Think of where U.S. forces have been sent and have been engaged over the last 40-plus years: Vietnam, Lebanon, Grenada, Panama, Somalia, Haiti, Bosnia, Kosovo, Afghanistan, Iraq, the Horn of Africa, and more. In fact, the first Gulf War stands alone in over two generations of constant military engagement as a more or less traditional conventional conflict from beginning to end. As General Charles Krulak, then the Marine Corps commandant, predicted a decade ago, instead of the beloved "Son of Desert Storm," Western militaries are confronted with the unwanted "Stepchild of Chechnya."
There is no doubt in my mind that conventional modernization programs will continue to have, and deserve, strong institutional and congressional support. I just want to make sure that the capabilities needed for the complex conflicts the United States is actually in and most likely to face in the foreseeable future also have strong and sustained institutional support over the long term. And I want to see a defense establishment that can make and implement decisions quickly in support of those on the battlefield.
In the end, the military capabilities needed cannot be separated from the cultural traits and the reward structure of the institutions the United States has: the signals sent by what gets funded, who gets promoted, what is taught in the academies and staff colleges, and how personnel are trained.

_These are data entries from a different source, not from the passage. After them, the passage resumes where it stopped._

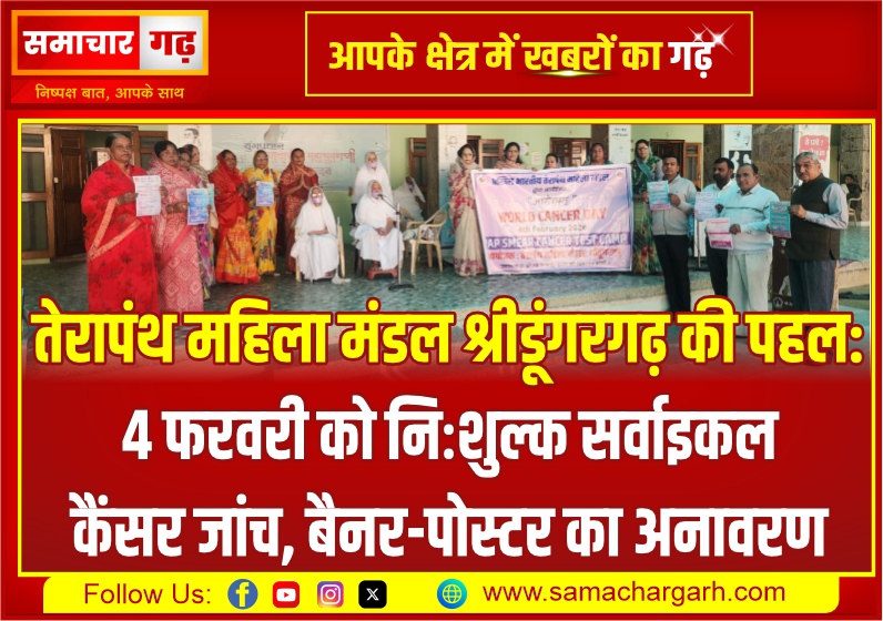 तेरापंथ महिला मंडल श्रीडूंगरगढ़ की पहल: 4 फरवरी को निःशुल्क सर्वाइकल कैंसर जांच, बैनर-पोस्टर का अनावरण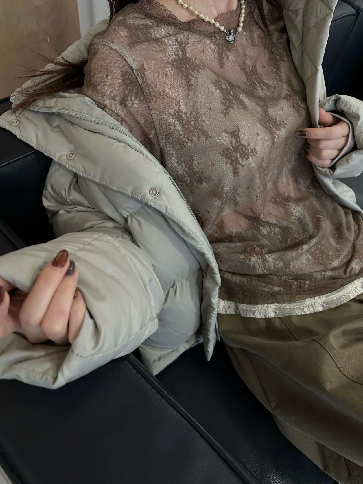 韩国单 2026年早春新款 蕾丝网纱透视小心机叠穿圆领上衣假两件套
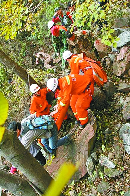 公安、消防、林業(yè)、醫(yī)院、驢友等各路人馬組成的救援隊,兵分四路,耗時4個小時成功救出被困者。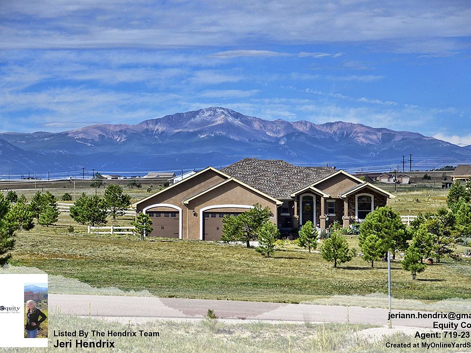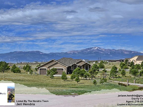 Stunning Custom Ranch Style Home Located On A Cul-de-sac Home With Unbelievable Pikes Peak Views. The Gorgeous Kitchen Offers Custom Knotty Beech,Staggered Cabinets (36 & 42),Granite Counter Tops/Eleven Foot Granite Breakfast Bar,Under Counter Lights,Hardwood Flooring & Large Pantry. The Great Room Boast; Tray Ceiling (10 & 11 Feet),Slate And Knotty Alder Gas Fireplace,Tall Windows W/View Of The Mountains & Black Forest,Carpet And Oak Hardwood & Wired For Sound System. Master Bedroom & Bath; Tray Ceiling/10 To,11 Ft.,Tiled Walk-in Shower,Garden Tub,7 Ft Double Sink Counter & Knotty Beech Cabinet,Heated Tile Floor W/Thermostat,Walk-in Closet With Custom Shelves & Racks,Closet Walks-into Laundry Room. Walkout Basement Includes; Family Rm W/Custom Built-in Shelves Across One Wall,Part Of Second Wall,Tall Windows W/View Of Mountains,Black Forest & Large Private 935 Sqft Walled Patio W/Wood Burning Fireplace. Entertain W/Full Wet Bar W/Tile Counters And Custom Oak Hardwood Bar Counter,Wine Fridge & Refrigerator,Staggered Hickory Cabinets And A Wine Cellar W/Wine Racks,Arched Walk Through To Wine/Beer Crafting Room W/Sink Where You Can Create Your Own Masterpiece. The Outdoors Amenities Include; Automatic Irrigation System,Native Flowers,Tan Vinyl Fence On South & West Sides,All Plants Are Native,Drought Tolerant,Berry Bushes,Vegetable Gardens,Apple Trees,No Pesticides,Herbicides,Chemical Fertilizers Used. Miscellaneous; Electric 200 Amp/Garage,100 Amp Sub Panel/Basement,50 Gallon Gas Hot Water Heater,50 Gallon Well Storage Tank,Weather Station,Cable,Satellite,Land Line/Dsl Available,Cat 5 & Coax/W Control Box,Wired To Great Room,Master Bedroom,Rec Room,Sunroom & 4th Bedroom. View This Exceptional Home Conveniently Located.
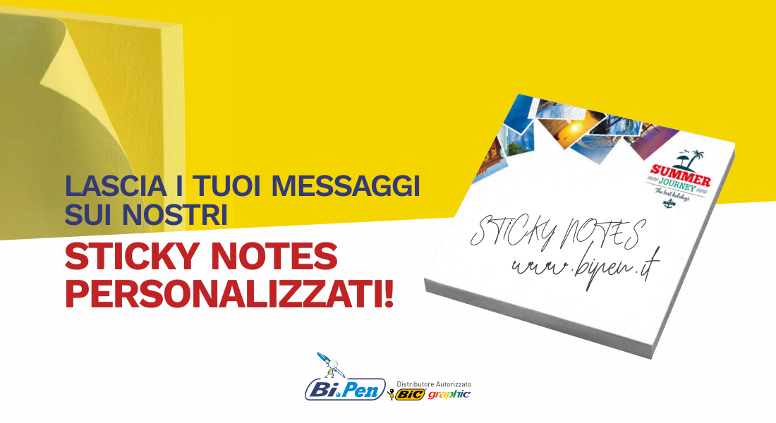 Idee per un progetto, cose da fare, messaggi da lasciare: gli sticky notes sono indispensabili per non dimenticare le cose più importanti. E se sono personalizzati con BiPen, allora gli appunti sono davvero al sicuro!
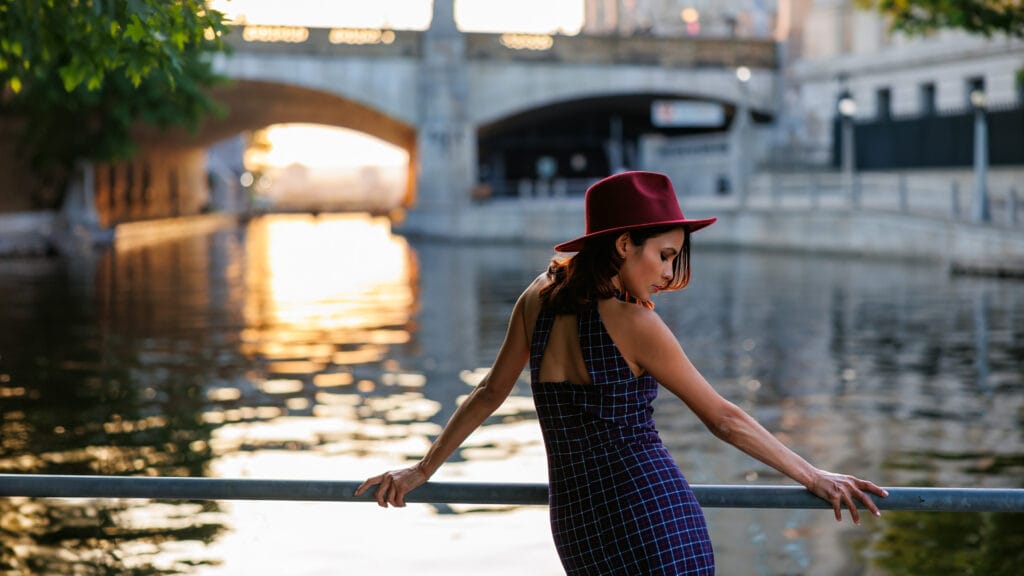 Apprends à reconnaître l’heure dorée, ce moment juste après le lever du soleil et juste avant son coucher, où la lumière est chaude, douce et directionnelle. Par temps nuageux, la lumière est diffuse et flatteuse pour les portraits. En plein soleil, cherche l’ombre ou oriente ton sujet de façon à éviter les ombres disgracieuses sous les yeux. Observe comment la lumière change au fil de la journée dans des lieux que tu connais bien, dans les parcs de l’Outaouais ou dans les rues du Vieux-Hull. C’est un apprentissage constant.

Thirty-six years ago, my old CIA colleague Robert Komer, who led the pacification campaign in Vietnam, published his classic study of organizational behavior, Bureaucracy Does Its Thing. Looking at the performance of the U.S. national security apparatus during the conflict in Vietnam, both military and civilian, he identified a number of tendencies that prevented institutions from adapting long after problems had been identified and solutions proposed: a reluctance to change preferred ways of functioning, the attempt to run a war with a peacetime management structure and peacetime practices, a belief that the current set of problems either was an aberration or would soon be over, and the tendency for problems that did not fit organizations' inherited structures and preferences to fall through the cracks.

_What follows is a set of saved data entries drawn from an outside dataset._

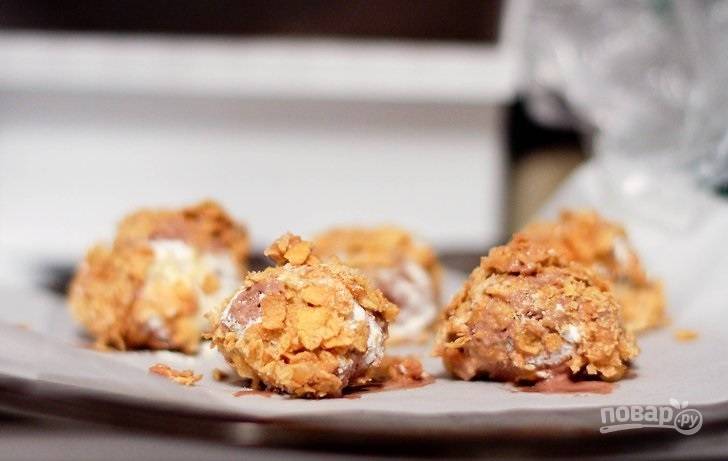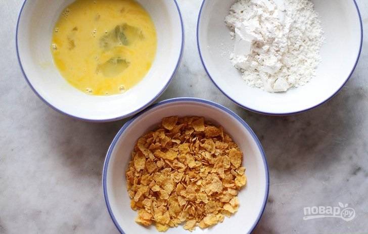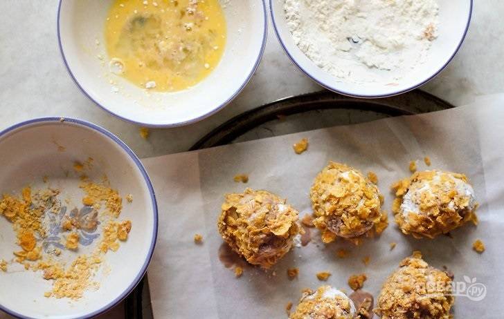 3. Каждый шарик окуните сначала в яйцо, а потом в муку. После снова в яйцо и затем — в кукурузные хлопья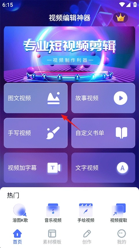 1、打开视频编辑神器,点击首页的图文视频功能;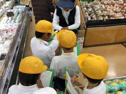 それぞれ調べたいところに分かれて、売り場の工夫や商品の並べ方を考えたり、お客さんにインタビューをしたりしています。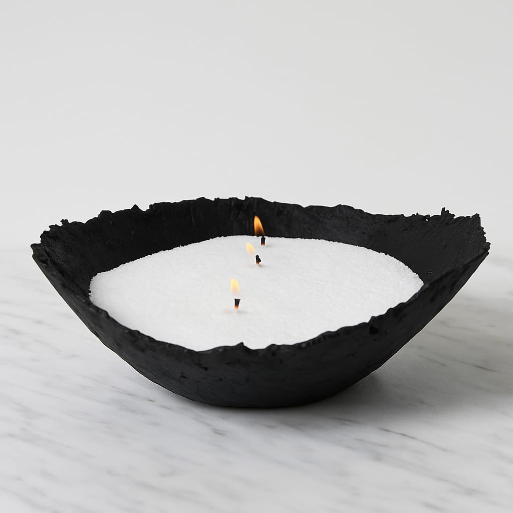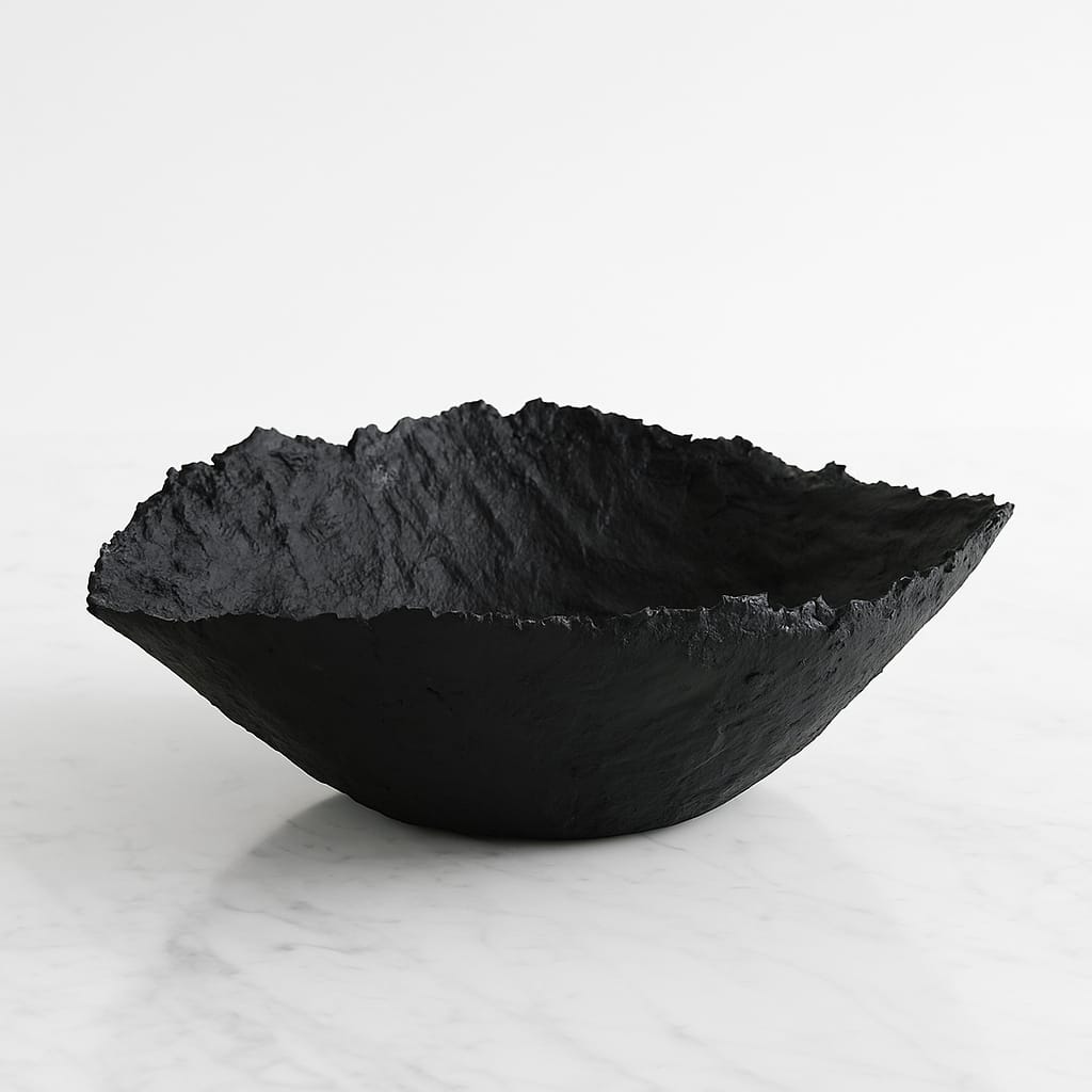 El cuenco artesanal Nala está elaborado a mano en papel reciclado, con un diseño de bordes orgánicos y un color negro profundo. Su acabado irregular y carácter único lo convierten en una pieza decorativa que irradia sofisticación natural.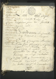 ANJOU. Environ 40 documents, XVII-XVIIIe s. (défauts). Actes, aveu, inventaire, ventes (notamment d’une closerie), partages, rentes, etc., concernant Angers, les Mauges, Beaupréau, Montrevault et sa vicomté, La Roche Airault ; et...

I mention this study not to relitigate that war or slight the enormous strides the institutional military has made in recent years but simply as a reminder that these tendencies are always present in any large, hierarchical organization and that everyone must consistently strive to overcome them.
I have learned many things in my 42 years of service in the national security arena. Two of the most important are an appreciation of limits and a sense of humility. The United States is the strongest and greatest nation on earth, but there are still limits on what it can do. The power and global reach of its military have been an indispensable contributor to world peace and must remain so. But not every outrage, every act of aggression, or every crisis can or should elicit a U.S. military response.
We should be modest about what military force can accomplish and what technology can accomplish. The advances in precision, sensor, information, and satellite technologies have led to extraordinary gains in what the U.S. military can do. The Taliban were dispatched within three months; Saddam's regime was toppled in three weeks. A button can be pushed in Nevada, and seconds later a pickup truck will explode in Mosul. A bomb dropped from the sky can destroy a targeted house while leaving the one next to it intact.